My husband tore out everything down to the studs, put in a pedestal sink, put in a rough reddish saltillo-ish tile on the floor, and tiled the shower all the way up and the rest of it 4' high in a coordinating beige tile. I painted the walls in a soft marbling of blue with a dah of gold and put in a new light fixture. Actually it still looks like it was transplanted from anoth4r4 house, but now it's from one nicer than the rest of ours.

Date: 2006-07-15 12:36 am (UTC)
garote: (Default)
From: [personal profile] garote
1. Boob fixtures:

There's always ... track lighting!

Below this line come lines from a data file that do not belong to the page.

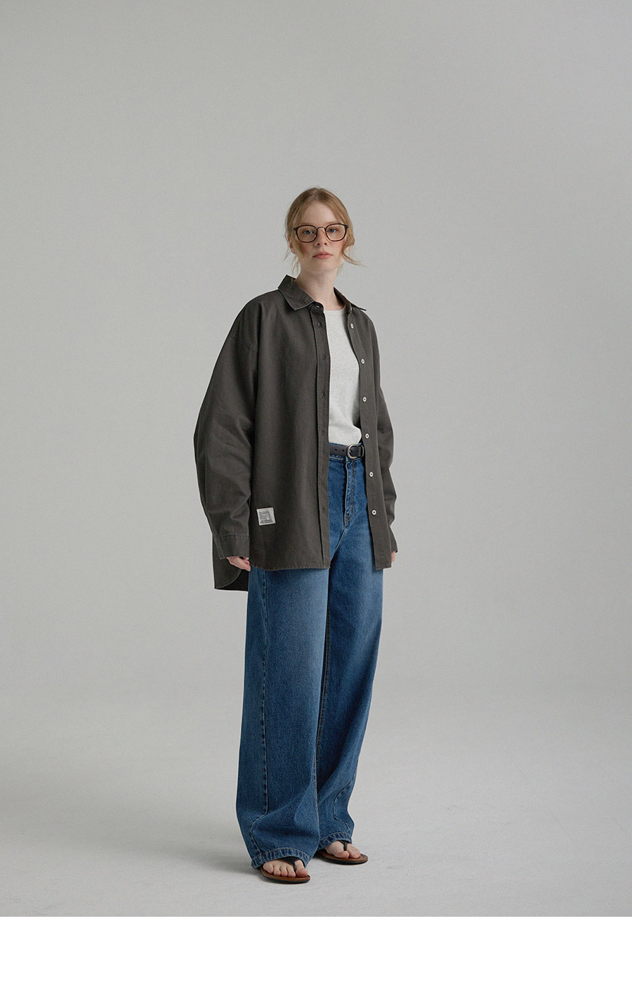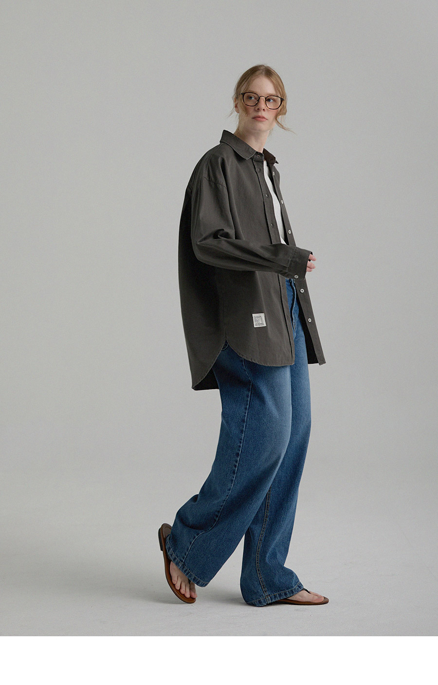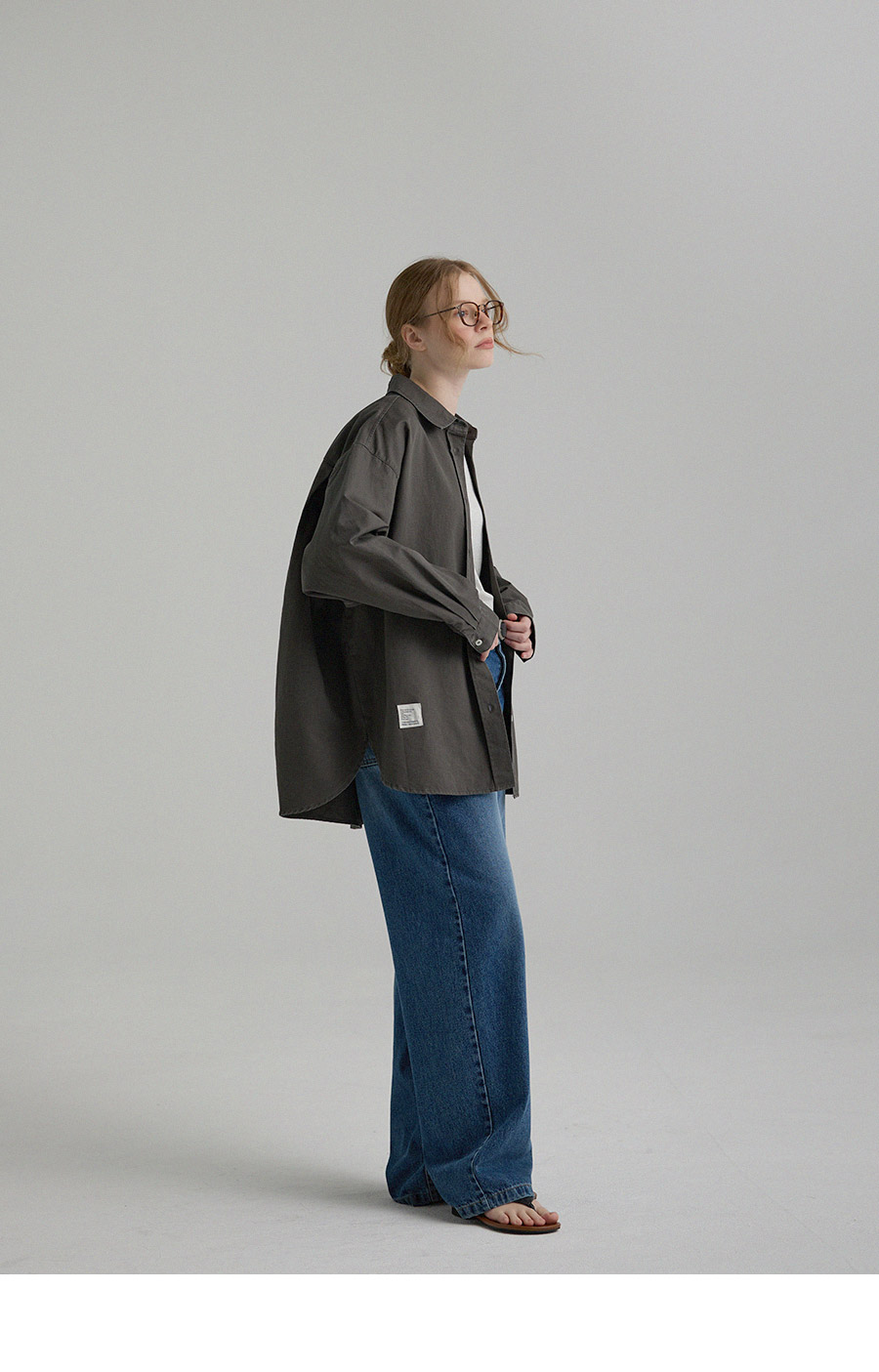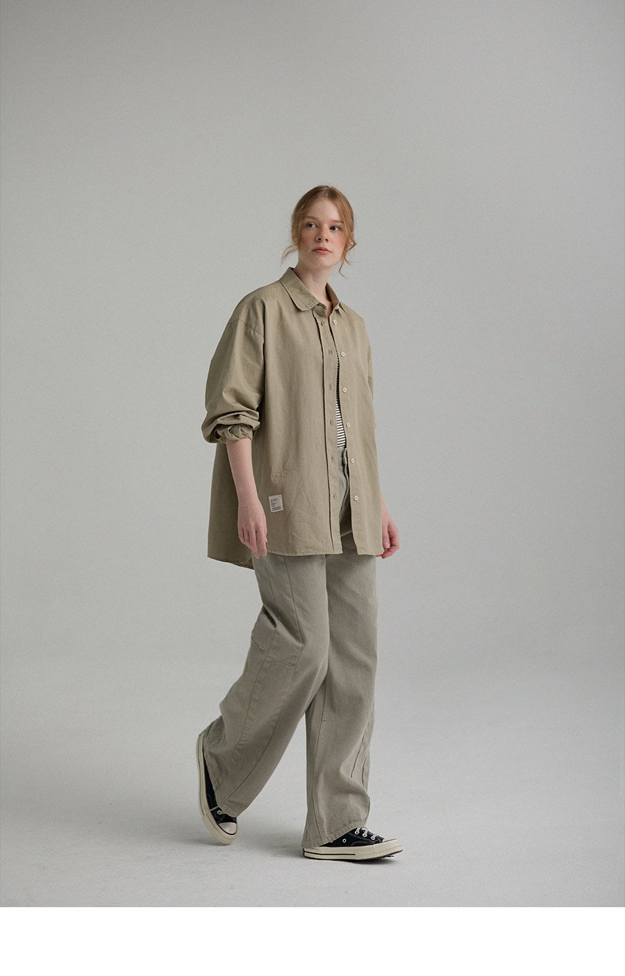 "톤 다운된 감도의 피그먼트 라벨링 셔츠"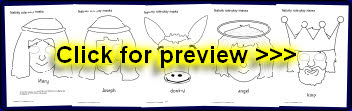 A fun set of printable Nativity character and animal mask outlines to colour and use for role-play. Simply print out, laminate, cut out and attach to lollipop sticks.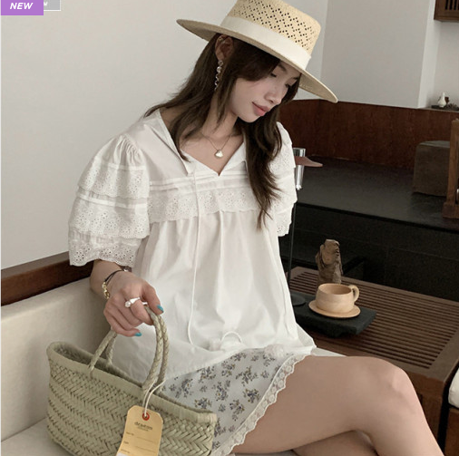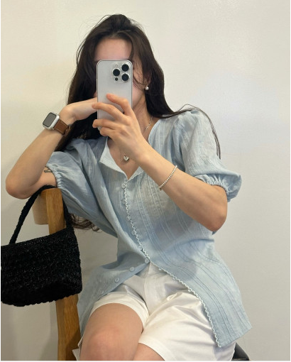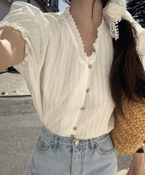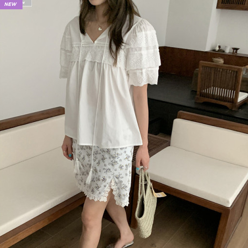 Best4. 모코블링 - 코튼레이스 퍼프반팔 블라우스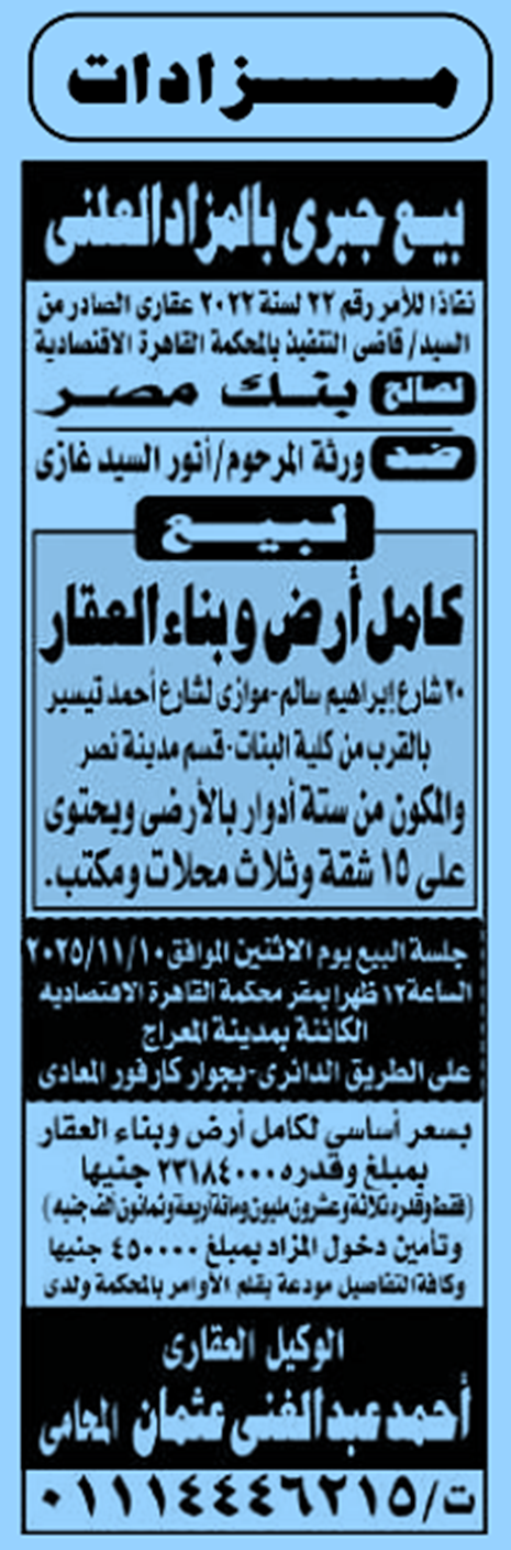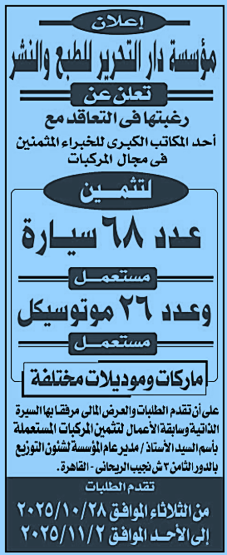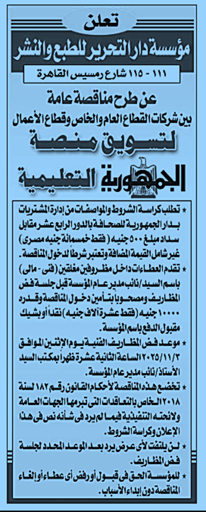 اعلانات العـدد الأسبوعـي لجريدة الجمـهـورية اليوم الخميس 30 أكتوبر 2025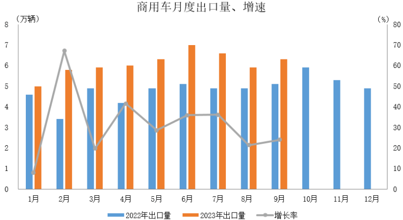 2023年1-9月,商用车出口54.9万辆,同比增长30.2%。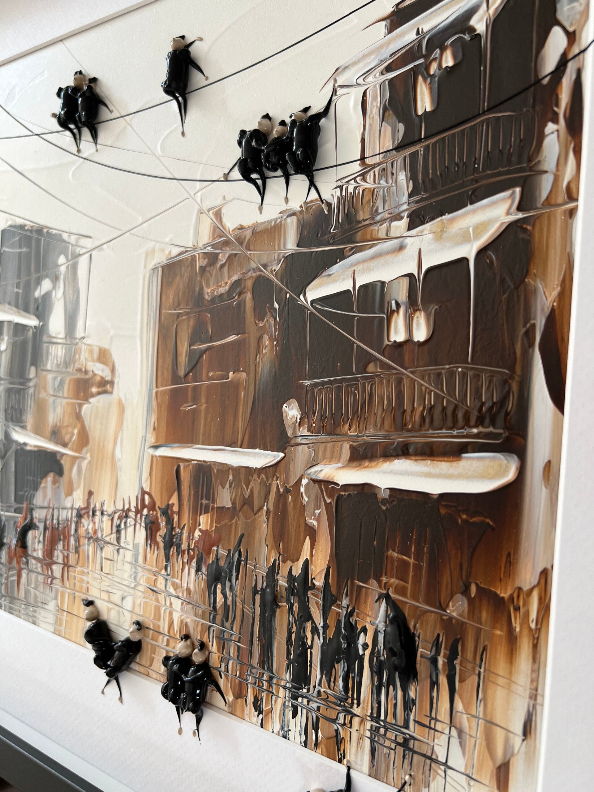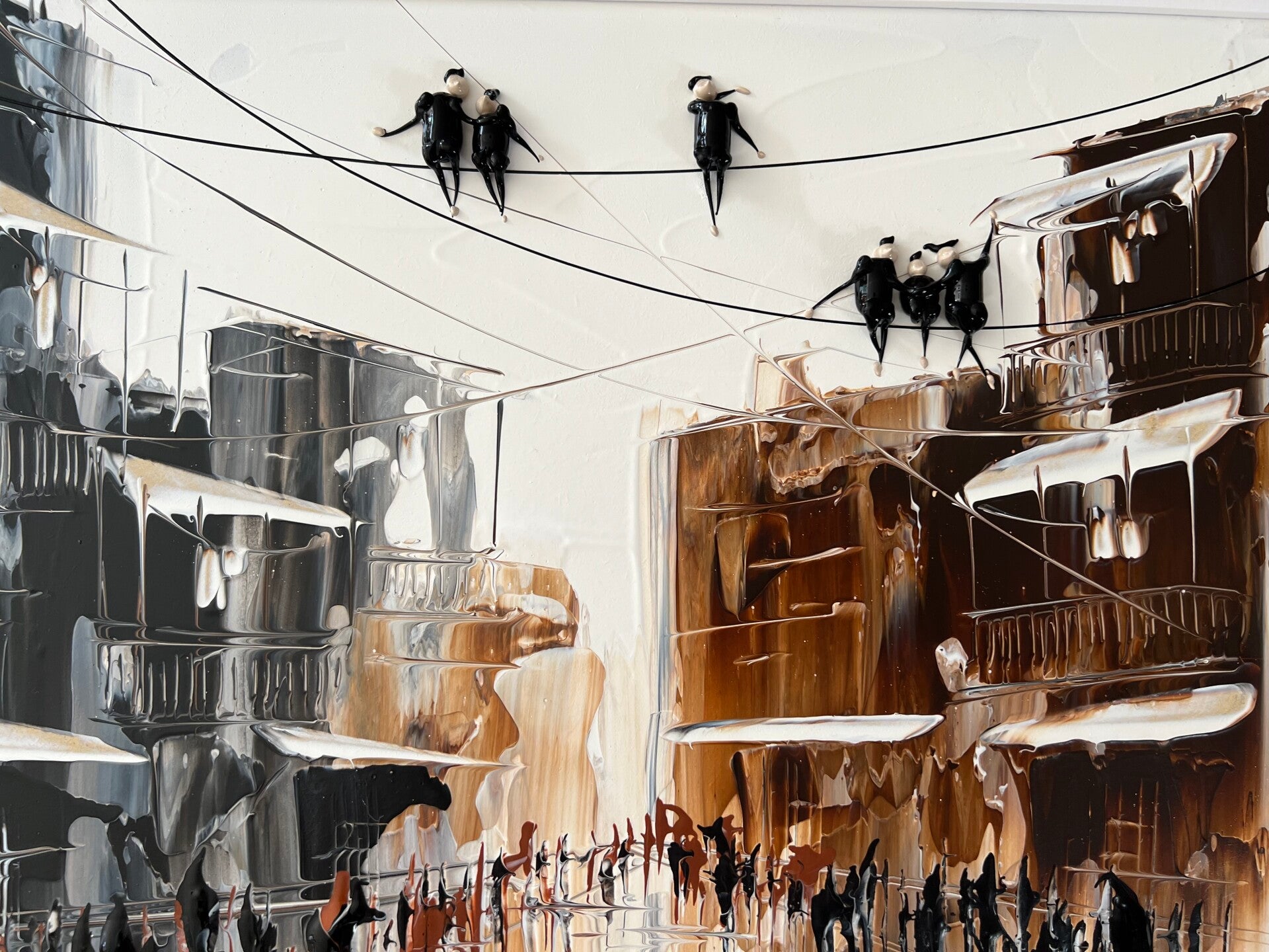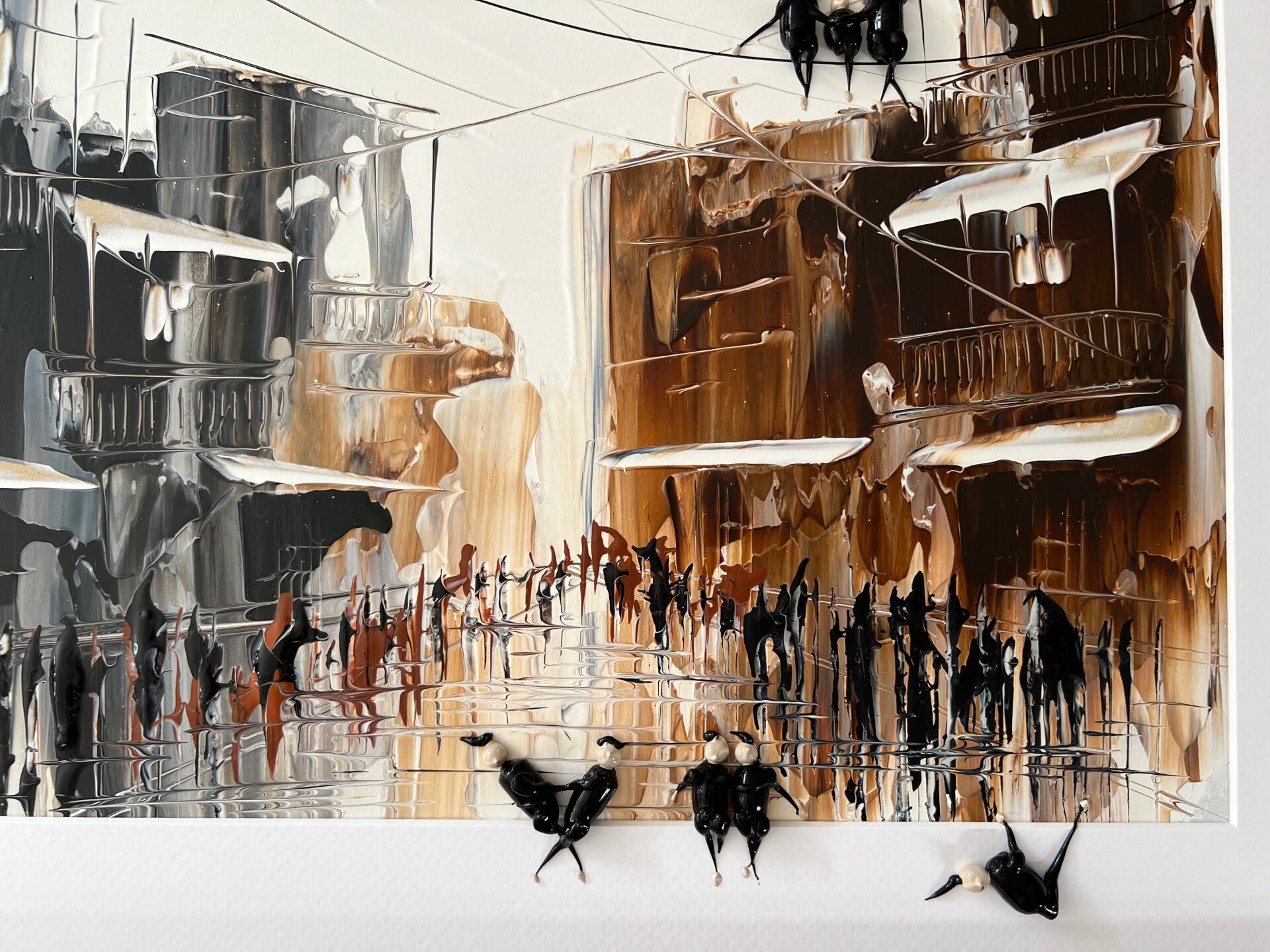 In my work, acrylic paints flow together to form a mesh of surrealism, figurative elements and geometric clarity. The composition is an ode to freedom and the dynamism of life. Every line, every splash of color is carefully placed to create an atmosphere of weightlessness and connection that captures viewers in a web of emotion and reflection. This painting will exude an aura of thoughtfulness and creative energy in your space.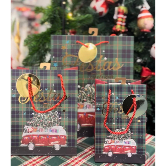 Saco médio de natal c/ árvores de...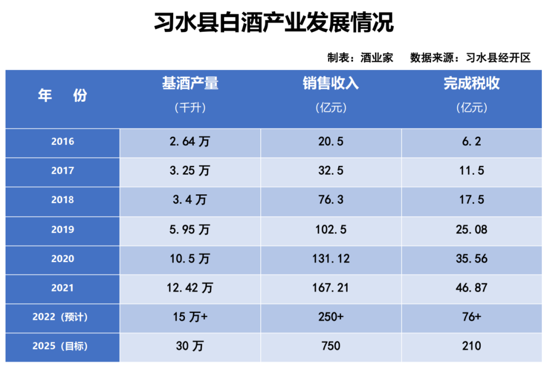 按照習(xí)水產(chǎn)區(qū)的發(fā)展規(guī)劃,到“十四五”末,習(xí)水產(chǎn)區(qū)將力爭實現(xiàn)白酒產(chǎn)能30萬噸,白酒工業(yè)總產(chǎn)值570億元,白酒銷售收入750億元,白酒稅收210億元,實現(xiàn)白酒產(chǎn)能、產(chǎn)值、增加值、利稅“四個翻番”的目標(biāo)。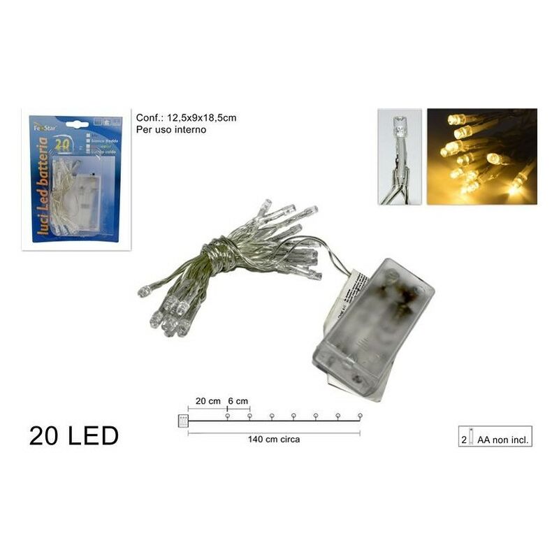 Catena di 20 luci a led colore bianco caldo, funzionante a batteria (2 batterie AA non incluse). Per uso interno. Lunghezza cavo: 140 cm. Distanza tra le luci: 6 cm. Ideale per decorare la tua casa durante il periodo natalizio.
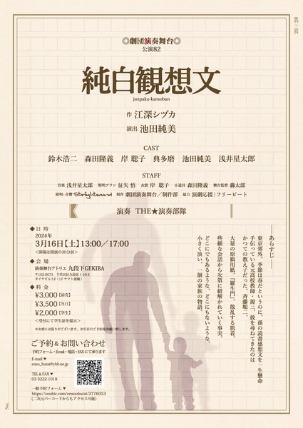 劇団演奏舞台 公演82『純白観想文』が2024年3月16日 (土)に演奏舞台アトリエ/九段下GEKIBA(東京都千代田区九段北1丁目10-2 タイヤビル5F)にて上演されます。

And flickery eye-itching florescent tubes!

4. Large men and goatees:

I agree but for different reasons: When I see a goatee, I immediately apply the stereotype, "Sports-and-beer obsessed male who wants to look like a badass." So not only does the goatee fail to create a chin, it also inspires an immediate bad impression.

IMNSHO the best way to deal with a weak chin is to grow a beard and shave it under the jawline, like so

Date: 2006-07-15 08:07 pm (UTC)
From: [identity profile] mrissa.livejournal.com
I am not as opposed to people who are fond of beer, sports, or both as many geeks are, and I think the current "I want to look like a badass" mistake is to shave one's head bald. (Some people do it for other reasons, of course, not solely notably the "Help! I'm going bald and don't want a combover!" reason, which last I find laudable even if the result is sometimes unfortunate.)